Data: Begin
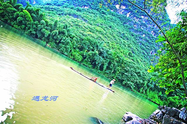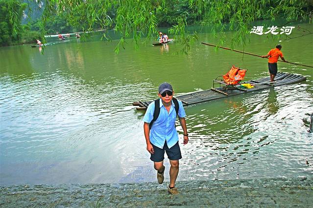 因为去过了银子岩,聚龙潭、金水岩等景点便一概略过。原路返回。车场取了车,奔下一站遇龙桥。如果说漓江是大家闺秀的话,遇龙河便是小家碧玉!清秀、柔美,一览无余!
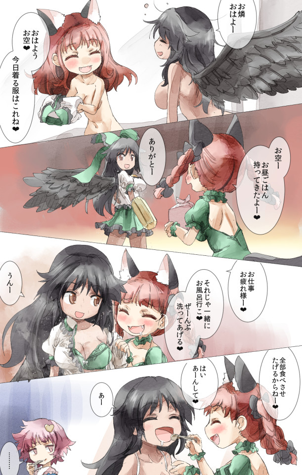お空さんが毎日真面目に仕事してるのは、お燐さんに褒めてほしいからで、
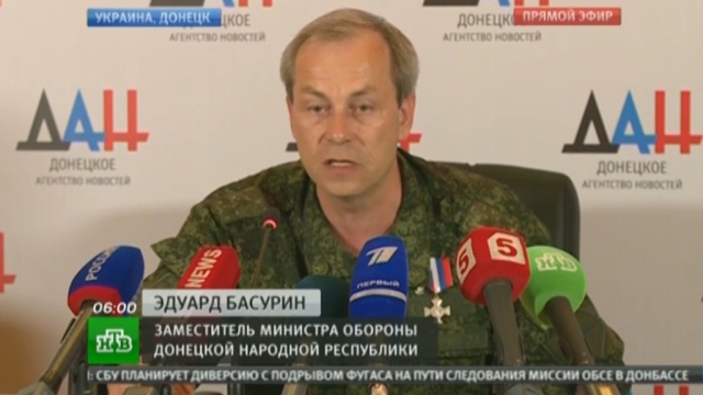 Эдуард Басурин, официальный представитель Минобороны ДНР: «По данным нашей разведки, СБУ спланировано в проведение в ближайшие несколько дней диверсий с подрывом фугаса при следовании колонны миссии ОБСЕ по территории Донецкой народной республики. Всю информация мы оперативно доводим до ОБСЕ для принятия мер безопасности».
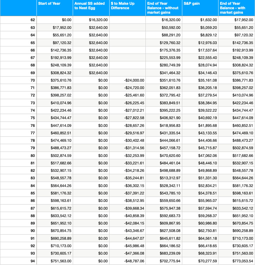 My nest egg grows until age 70 where I start taking my social security payments in cash AND I pull $24,000 from my nest egg to cover the difference between the higher payment I’d get at age 70 had I waited, and my current age 62 payment.
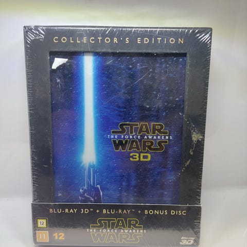 Myydään Star Wars The Force Awakens 3D Collector's Edition. Sisältää 3D Blu-ray-levyn, tavallisen Blu-ray-levyn ja bonusmateriaali Blu-ray-levyn. Levyt erinomaisessa kunnossa.
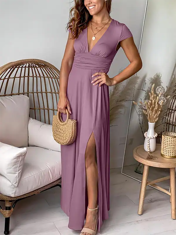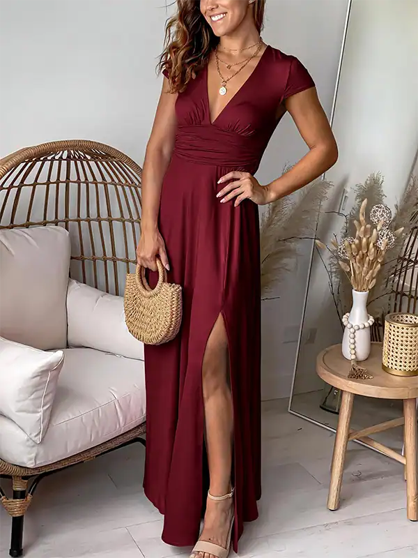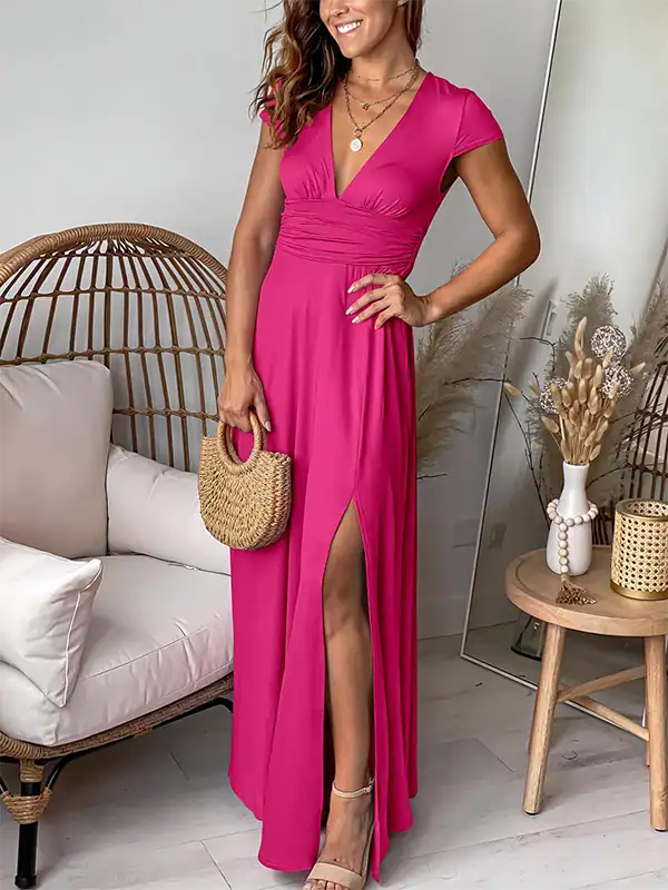 The floor-length maxi silhouette features a deep V neckline, short cap sleeves, and a side slit for a graceful yet modern touch. A pleated high waist with smocked back enhances your natural curves while ensuring flexibility and ease of movement. Whether you’re attending a wedding, cocktail party, evening celebration, or vacation getaway, this dress is your go-to outfit for any formal or semi-formal occasion.
Data: End
Make an exact reproduction of the listing above, without any pictures.

 因为去过了银子岩,聚龙潭、金水岩等景点便一概略过。原路返回。车场取了车,奔下一站遇龙桥。如果说漓江是大家闺秀的话,遇龙河便是小家碧玉!清秀、柔美,一览无余!
お空さんが毎日真面目に仕事してるのは、お燐さんに褒めてほしいからで、
 Эдуард Басурин, официальный представитель Минобороны ДНР: «По данным нашей разведки, СБУ спланировано в проведение в ближайшие несколько дней диверсий с подрывом фугаса при следовании колонны миссии ОБСЕ по территории Донецкой народной республики. Всю информация мы оперативно доводим до ОБСЕ для принятия мер безопасности».
 My nest egg grows until age 70 where I start taking my social security payments in cash AND I pull $24,000 from my nest egg to cover the difference between the higher payment I’d get at age 70 had I waited, and my current age 62 payment.
 Myydään Star Wars The Force Awakens 3D Collector's Edition. Sisältää 3D Blu-ray-levyn, tavallisen Blu-ray-levyn ja bonusmateriaali Blu-ray-levyn. Levyt erinomaisessa kunnossa.
 The floor-length maxi silhouette features a deep V neckline, short cap sleeves, and a side slit for a graceful yet modern touch. A pleated high waist with smocked back enhances your natural curves while ensuring flexibility and ease of movement. Whether you’re attending a wedding, cocktail party, evening celebration, or vacation getaway, this dress is your go-to outfit for any formal or semi-formal occasion.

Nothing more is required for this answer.